Дверь автомобиля хлопнула вслед моему общему «до свиданья», и мы тронулись. Я не оглянулся на тех, кто остался в темном проеме арки и провожал взглядами отъезжающую машину.
По приезде в город у меня еще оставалось время зайти в церковь Богоматери Ангелов, куда, бывая в Олеане, я любил приходить на исповедь и где часто читал Стояния Креста. Там было пусто. Одна-две свечки горели перед статуей св. Иосифа, в тихом сумраке мерцала красная лампада алтаря. В молчании я стал на колени и оставался так минут на десять-пятнадцать, даже не пытаясь понять и осмыслить глубокое всепоглощающее ощущение мира и благодарности, которое наполняло мое сердце и изливалось оттуда ко Христу в Его Дарохранительнице.
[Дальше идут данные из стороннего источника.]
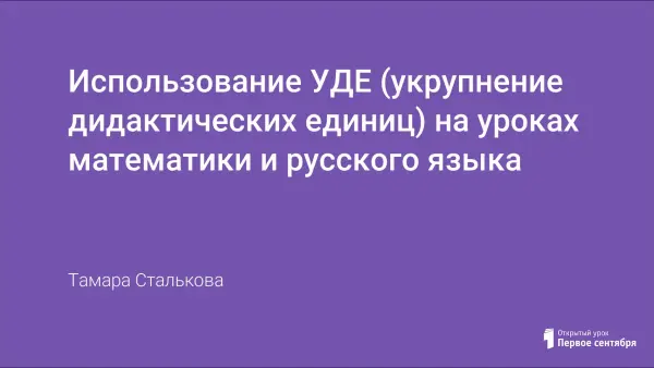 Всё это реализует система УДЕ (укрупнение дидактических единиц) - успешное и полное выполнение учебной программы с экономией времени при повышении глубины и прочности знаний.
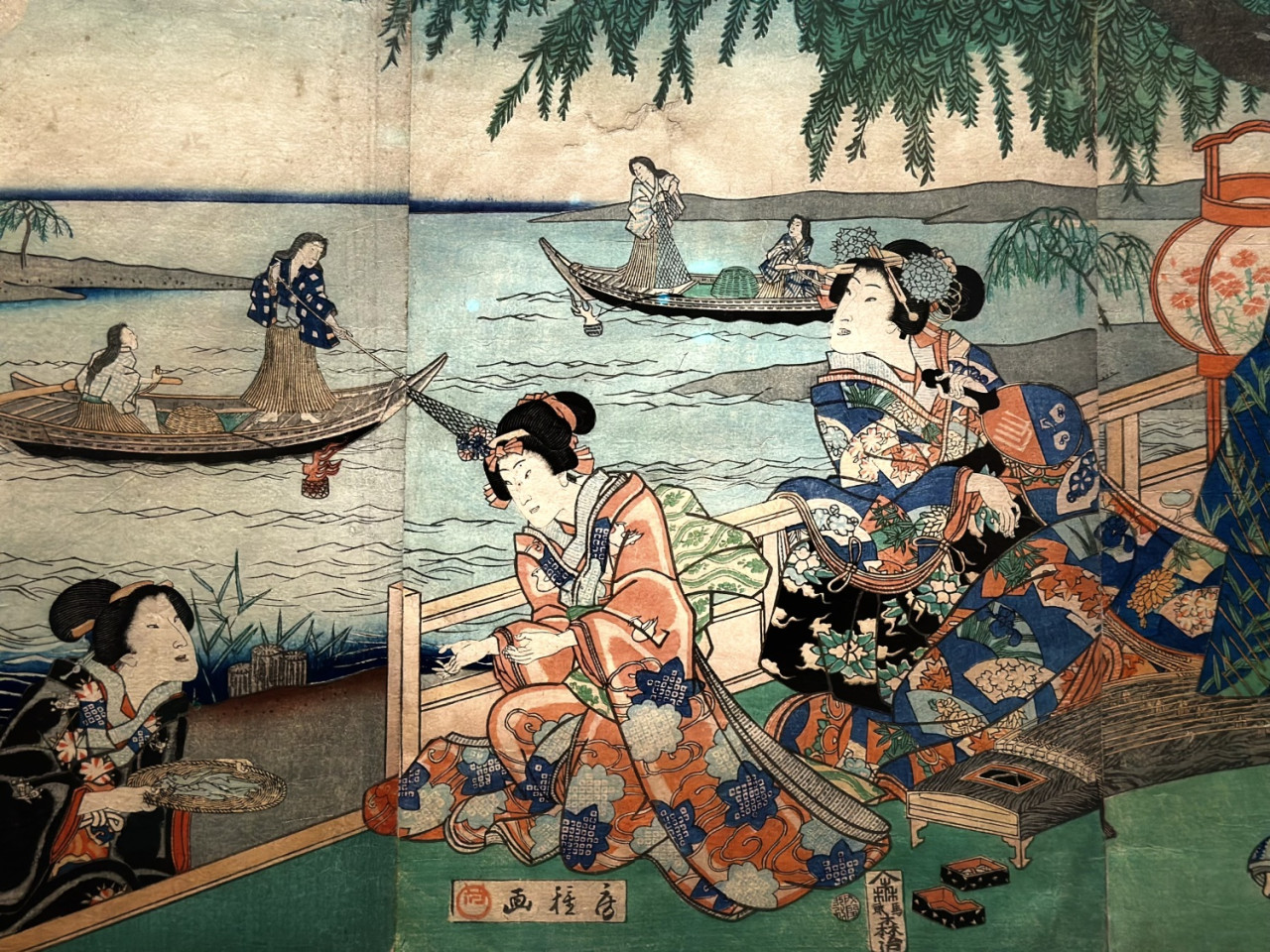Неудивительно, что ключевым медиумом здесь становится ukiyo-e - знаменитая графика «изменчивого мира». Этот жанр всегда служил визуальной хроникой городской жизни: театра, прогулок, сезонных праздников и повседневных удовольствий. В рижской экспозиции он представлен репрезентативно, и особенно приятно увидеть работы мастера, без которого историю японской пейзажной графики представить практически невозможно - Утагава Хиросигэ. Его лист «Холм Асука в Восточной столице» из серии тридцати шести видов Фудзи работает здесь почти как идеальный «ключ» к теме. У Хиросигэ пространство устроено очень современно: асимметрия, активный горизонт, резкие диагонали, смелое использование пустоты. Эти формальные решения когда-то буквально взорвали европейское художественное воображение, вдохновив Клода Моне и Винсента ван Гога на эксперименты с цветом и композицией.
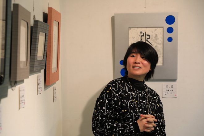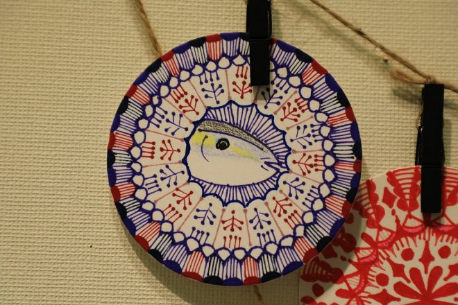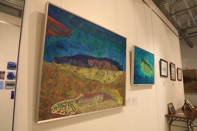 グラフィックデザイナーでありながら、のこぎり奏者でもあるというユニークなプロフィールの安藤玲子さん(八尾市)。今やサカナヘン愛が一番強いともいわれていて、墨で描かれた文字やチンアナゴが印象的でした。それにしてものこぎり奏者って気になります。え、最終日でも弾いた?ずる~い(笑)!
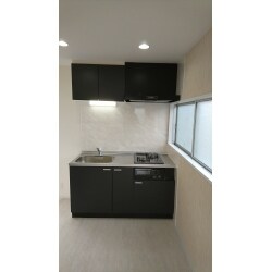 キッチンは黒い扉で汚れが目立ちにくく落ち着いた雰囲気に。壁にキッチンパネルを貼る事で、お手入れしやすく清潔感が保てるキッチンをご提案しています。
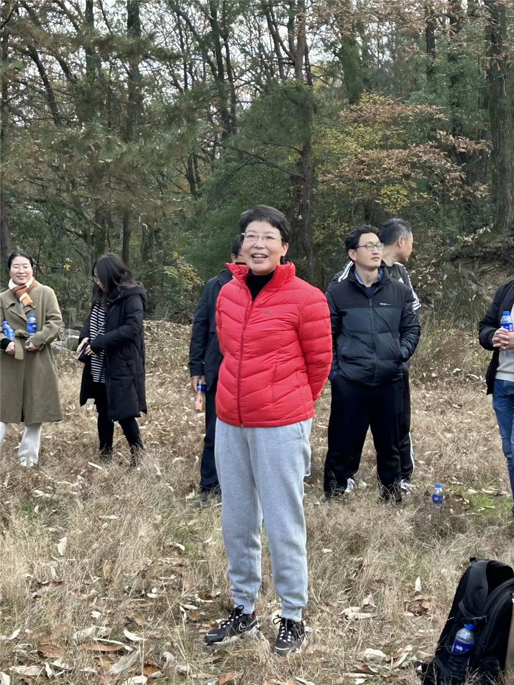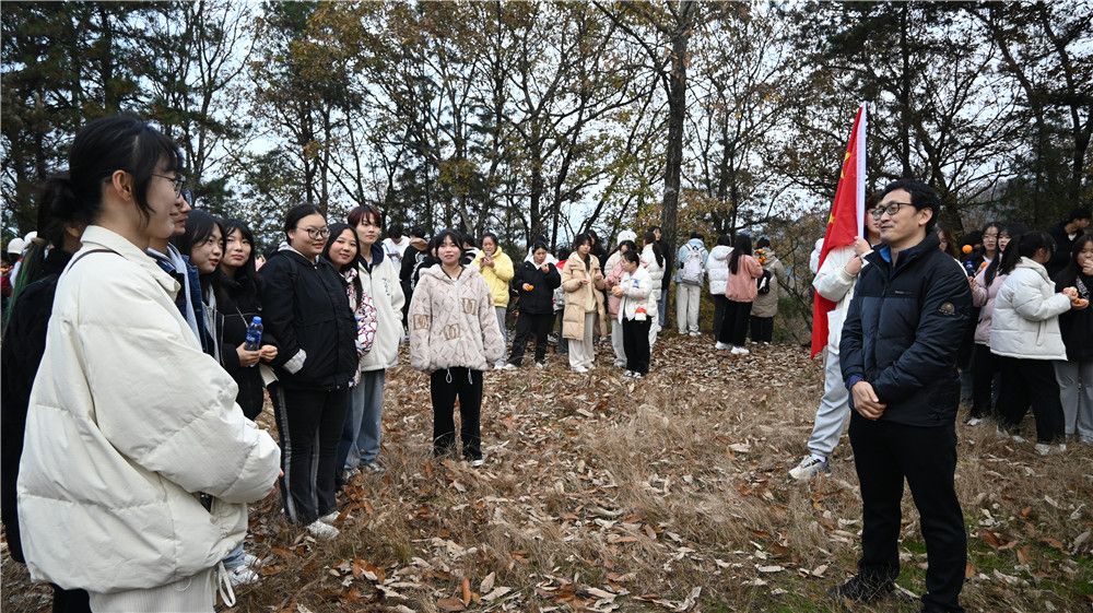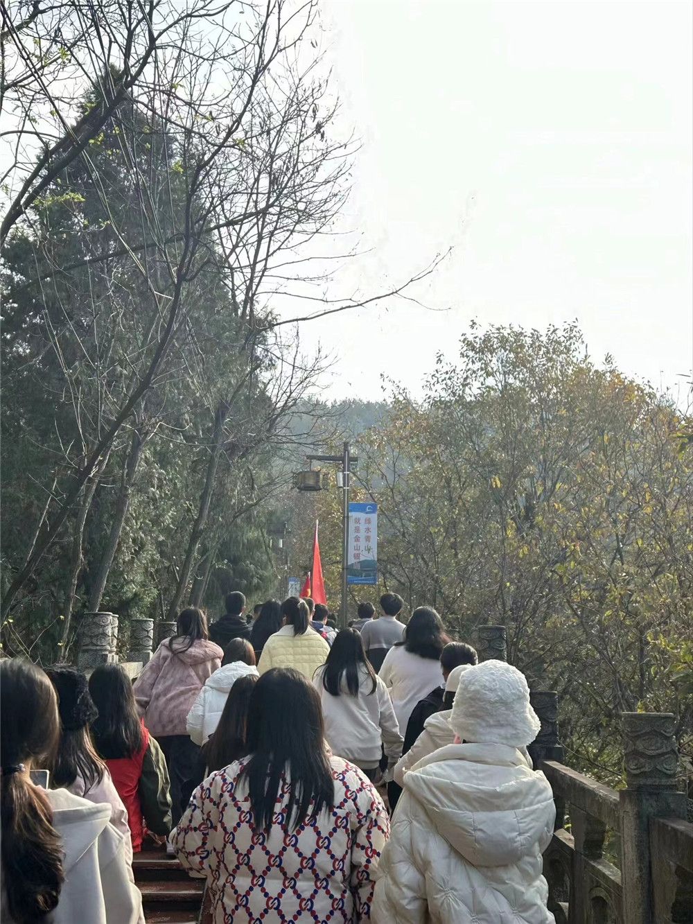 12月1日下午2点,全体员工在老师们的带领下从图书馆门前集合出发,一路上高举旗帜有序前进,旅途中大家欢声笑语,唱歌拍照,欣赏着香溪步道沿途的美景。历经一个多小时的徒步爬山后,全体师生到达了目的地。

На станции меня ждал Джим Хейз, принявший на себя бо́льшую часть моей академической нагрузки. Он вручил мне записку, в которой говорилось, что Английское отделение посвятит мне пять месс. Затем сквозь завесу ледяного дождя подкатил поезд на Буффало, я зашел внутрь, двери захлопнулись, и моя последняя связь с миром, который я прежде знал, оборвалась.
Это было не что иное, как гражданская смерть.
Это путешествие, переход из этого мира в новую жизнь, походило на полет сквозь новую неведомую стихию, словно я вошел в стратосферу. Но я был на привычной мне земле, и холодный зимний дождь струился по окнам поезда, пока мы проезжали через темные холмы.
За Буффало потянулись фабрики, подсвеченные голубоватыми в пелене дождя огнями; день и ночь они производят оружие. Я смотрел на них, словно наблюдал за аквариумом. Последний город, который я запомнил, был Эри. Потом я уснул. Мы проехали Кливленд, но я ничего об этом не знал.
Последние несколько месяцев я взял обыкновение вставать ночью и читать розарий. Поэтому, засыпая, я просил Бога разбудить меня в Галионе, Огайо, чтобы я мог прочесть свое обычное правило. Посреди ночи я проснулся, – мы как раз отъезжали от Галиона. Я начал читать розарий там, где наши пути соединялись с железнодорожной веткой Эри, по которой я весной впервые ехал в Гефсиманию. Потом снова уснул, убаюканный веселым перестуком колес.
В Цинциннати, куда мы прибыли на рассвете, я узнал у девушки в службе информации названия нескольких католических церквей и взял такси до церкви Св. Франциска Ксаверия. На главном престоле как раз начиналась служба. Я послушал мессу, принял причастие, вернулся на стацию, позавтракал и сел на поезд до Луисвилла.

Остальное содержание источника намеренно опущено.